Friday, February 23, 2007

HOCKEY LAST NIGHT: CALL FOR SAFER GEAR AFTER SENS-SABRES BRAWL



Lost in the shuffle of the Sabres-Senators donnybrook last night was that Buffalo co-captain's Chris Drury injury -- his face collided with Chris Neil's shoulder pad, opening up a huge cut -- could have been mitigated with safer equipment.

Obviously, the brawl that ensued between the division rivals is the bigger, more eye-catching news, especially for the attention span deprived who are assumed to make up Sportsnet Connected's target audience, so that's the big story. You had Sens goalie Ray Emery going Sugar Ray Robinson on on a pair of Sabres and getting thrown out of the game and Bryan Murray getting spittin' mad at Sabres coach Lindy Ruff for putting out the straight-from-Slap Shot trio of Andrew Peters, Adam Mair and Patrick Kaleta (100-plus penalty minutes) against the Dany Heatley-Jason Spezza line.

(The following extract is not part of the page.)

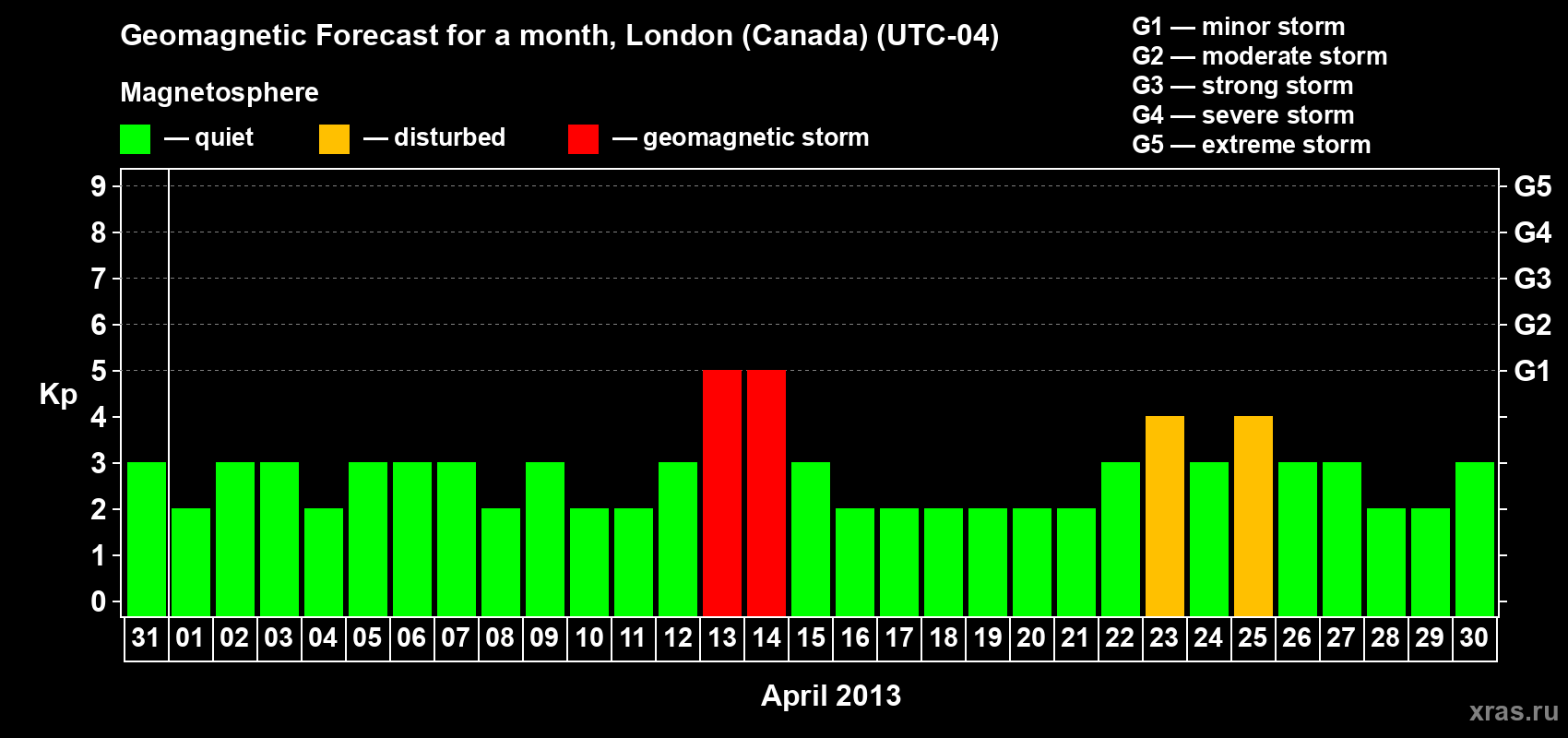 Geomagnetic storm forecast in London (Canada) for Mar 31, 2013

It was good fun and no one minded much, since it's the latter half of February and by this point, all the games are starting to run together and you're desperate for anything that make make the post-game quotes a little bit more lively. As a sidebar, the Sabres won 6-5 in, wait for it, a shootout.

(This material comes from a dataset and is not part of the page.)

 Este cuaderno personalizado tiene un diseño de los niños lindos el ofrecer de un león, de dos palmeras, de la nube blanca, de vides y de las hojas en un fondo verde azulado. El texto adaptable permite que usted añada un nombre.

Drury got a severe cut from a clean check because the shoulder pads Neil was wearing aren't meant to reduce the impact of a blow should spark some conversation on the need to develop safer, more lightweight gear for NHL players, especially as they keep getting stronger and faster. It bears repeating: Padded wetsuits, anyone?

Eight of 12 games last night went to overtime -- including seven of the eight which ended before 11 Eastern. Does anyone actually try to win a game in 60 minutes any more? Incidentally, Globesports.com's Eric Duhatschek is saying pitch the shootout and play 10 minutes of 4-of-4 and call it a tie if no one scores. Eighty to 90 percent of the time, someone would score. Anyone who's actually seen the rare NFL game which ends in a tie,which hasn't happened since 2002, knows there's no shame in a game ending deadlocked if both teams did try to win. The NHL is the opposite: The shootout mandates someone has to win, even on the many nights when no one seems interested in doing so.

NHL Scoreboard

HOMETOWN BREAKDOWN

Our Kingston Frontenacs' quest to overachieve and finish higher than sixth in the Ontario Hockey League's Eastern Conference continued in earnest -- they got by the Peterborough Petes 3-2 on Chris Stewart's game-winner in the front end of a home-and-home series.